One of the requirements we have placed on inheriting classes of AbstractTableRecordSet is that they be able to fetch Records and convert them into dochelper.Records. From this requirement it is clear that a TableRecord class that implements dochelper.Record interface is needed. This class is very straight forward and is thus presented in full. Its purpose is simply to deliver each item in the resource (in this case a database table) in a helpful manner.



/*
* TableRecord.java
*
* Created on March 16, 2009, 08:32 AM
*
* Copyright 2009 Online Nederland Breedband B.V.
* See the COPYRIGHT file for redistribution and use restrictions.
* Authors: Guillermo Christen
*/
package dochelper;

import java.util.ArrayList;
import java.util.HashMap;
import java.util.Iterator;

/**
*
* @author gchristen
*/
public class TableRecord implements Record {

/**
* HashMap containing each field within this Record (Row) and its value.
*/
protected HashMap _fieldValues;

/** HashMap containing each field within this Record (Row) and its value. */
protected HashMap _fullFieldValues;

/** HashMap containing each field within this Record (Row) and its value.*/
protected String _name;


/** Creates a new instance of TableRecord
* @param fieldValues
*/
public TableRecord(HashMap fieldValues) {
this._fieldValues = fieldValues;
}

/**
* Creates a New Instance of a Table Record,
* given a set of values and a Document Section
*
* @param fieldValues
* hashMap containing field names and field values for Searched Fields
*
* @param fullFieldValues
* HashMap containing all field names and its values
* @param name
*/
public TableRecord(HashMap fieldValues, HashMap fullFieldValues, String name) {
this(fieldValues);
this._fullFieldValues = fullFieldValues;
this._name = name;
}


/**
* Renders a record using the specified Pattern list.
*
* This method will iterate through all patterns passed in if any, and
* execute the pattern passing the contents of the row this record represents.
*
* In this case the value of the record will not be fetched using getValue.
* It will be fetched directly from the fieldValues has map.
*
* @return
* String containing the contents of the pattern rendering and the
* encapsulation.
**/
public ResultNode execute(ArrayList patterns) {

ResultNode root = new ResultNode(null, _fullFieldValues, _name);

//match all the patterns
if(patterns != null && _fieldValues != null && _fieldValues.size() > 0) {
for (DocPattern pattern : patterns) {
//look for pattern in each of the fields
for(Iterator iter = _fieldValues.keySet().iterator(); iter.hasNext();) {
String value = _fieldValues.get((String)iter.next()).toString();
root.addChild(pattern.execute(value));
}
}
}

return root;

}

/**
* Return the string value of this record. For table record sets this value
* is not used as the string to search against. Each field in a row is checked
* indiidually.
*
* @return String value of the entire record.
*/
public String getValue() {
//loop through all of the keys and values: key:value
return "";
}

}



The TableRecord will look for the given patterns within each of the specified fields. If found, each of the matches will be transformed according to the available TransformDefinition. This means that if within one row (record) two fields have matches, both will be considered as results. For this exercise we will not create a new TransformDefinition in order to handle this in a significant way. This is left as an exercise to the reader.

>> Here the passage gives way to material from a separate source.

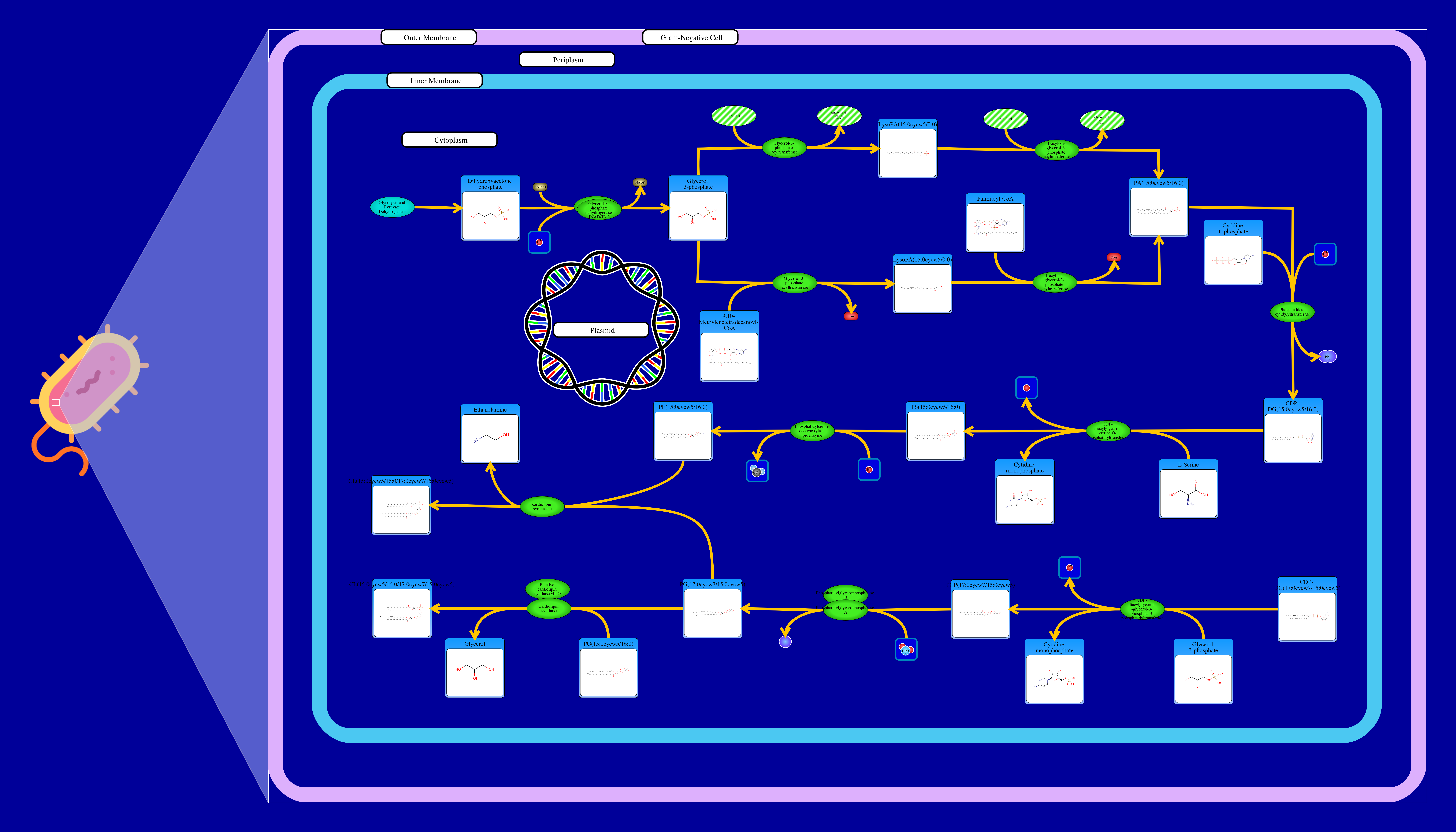 Phospholipids are membrane components in E. coli. The major phospholipids of E. coli are phosphatidylethanolamine, phosphatidylglycerol, and cardiolipin. All phospholipids contain sn-glycerol-3-phosphate esterified with fatty acids at the sn-1 and sn-2 positions. The reaction starts from a glycerone phosphate (dihydroxyacetone phosphate) produced in glycolysis. The glycerone phosphate is transformed into an sn-glycerol 3-phosphate (glycerol 3 phosphate) by NADPH-driven glycerol-3-phosphate dehydrogenase. sn-Glycerol 3-phosphate is transformed to a 1-acyl-sn-glycerol 3-phosphate (lysophosphatidic acid). This can be achieved by an sn-glycerol-3-phosphate acyltransferase that interacts either with a long-chain acyl-CoA or with an acyl-[acp]. The 1-acyl-sn-glycerol 3-phosphate is transformed into a 1,2-diacyl-sn-glycerol 3-phosphate (phosphatidic acid) through a 1-acylglycerol-3-phosphate O-acyltransferase. This compound is then converted into a CPD-diacylglycerol through a CTP phosphatidate cytididyltransferase. CPD-diacylglycerol can be transformed either into an L-1-phosphatidylserine or an L-1-phosphatidylglycerol-phosphate through a phosphatidylserine synthase or a phosphatidylglycerophosphate synthase, respectively. The L-1-phosphatidylserine transforms into L-1-phosphatidylethanolamine through a phosphatidylserine decarboxylase. On the other hand, L-1-phosphatidylglycerol-phosphate gets transformed into an L-1-phosphatidyl-glycerol through a phosphatidylglycerophosphatase. These 2 products combine to produce a cardiolipin and an ethanolamine. The L-1 phosphatidyl-glycerol can also interact with cardiolipin synthase resulting in a glycerol and a cardiolipin.

DocumentSections used with TableRecords have been given access to all of the fields for a specific record, this allows a record to be identified in a useful way. Please look at the Execute step to see an example.

Step 5.

Write JdbcTableRecordSet as concrete implementation.

Now that we have an abstract class to use in varying environments, and that we have a Table Record class to contain record data we can write a concrete class to provide DocHelper with access to jdbc compliant DBs. This method should impement the following methods:

                
/** Subclass should implement this method */
protected abstract void initImpl() throws SQLException, ResourceUnavailableException;

/** Subclass should implement this method */
protected abstract void checkParamsImpl() throws MissingArgumentException, InvalidValueException, ResourceUnavailableException;

/** Subclass should implement this method */
protected abstract List getRecords() throws ResourceUnavailableException, SQLException;


The concrete class should: extablish the connection to the DB, check all required params are present and are valid, and fetch the Rows and convert them into Records. For this we can already see a set of parameters that will be required for jdbc DBs: user, pass, probably url, dirver and components that make up the query. Ideally we would like to search for a pattern within specific fields of a specific table.

The following might be a possible start to our class:


/**
*
* @author gchristen
*/
public class JdbcTableRecordSet extends AbstractTableRecordSet {

/** Param Keys: USER. */
protected String USER = "user";

/** Param Keys: PASS. */
protected String PASS = "pass";

/** Param Keys: URL. */
protected String URL = "url";

/** Param Keys: DRIVER. */
protected String DRIVER = "driver";

/** Param Keys: TABLE. */
protected String TABLE = "tablename";

/** Param Keys: FIELDS. */
protected String FIELDS = "fields";

/** Param Keys: WHERE. */
protected String FILTER = "whereclause";

/** ArrayList containing Records. */
private ArrayList<Record> records = new ArrayList();


Here we declare the parameter names which will hold our info. The <params> section of the markup for our record set should contain <param>s for most of these value. (The where clause is optional). The DB may also allow non authenticated access, so pw may be optional.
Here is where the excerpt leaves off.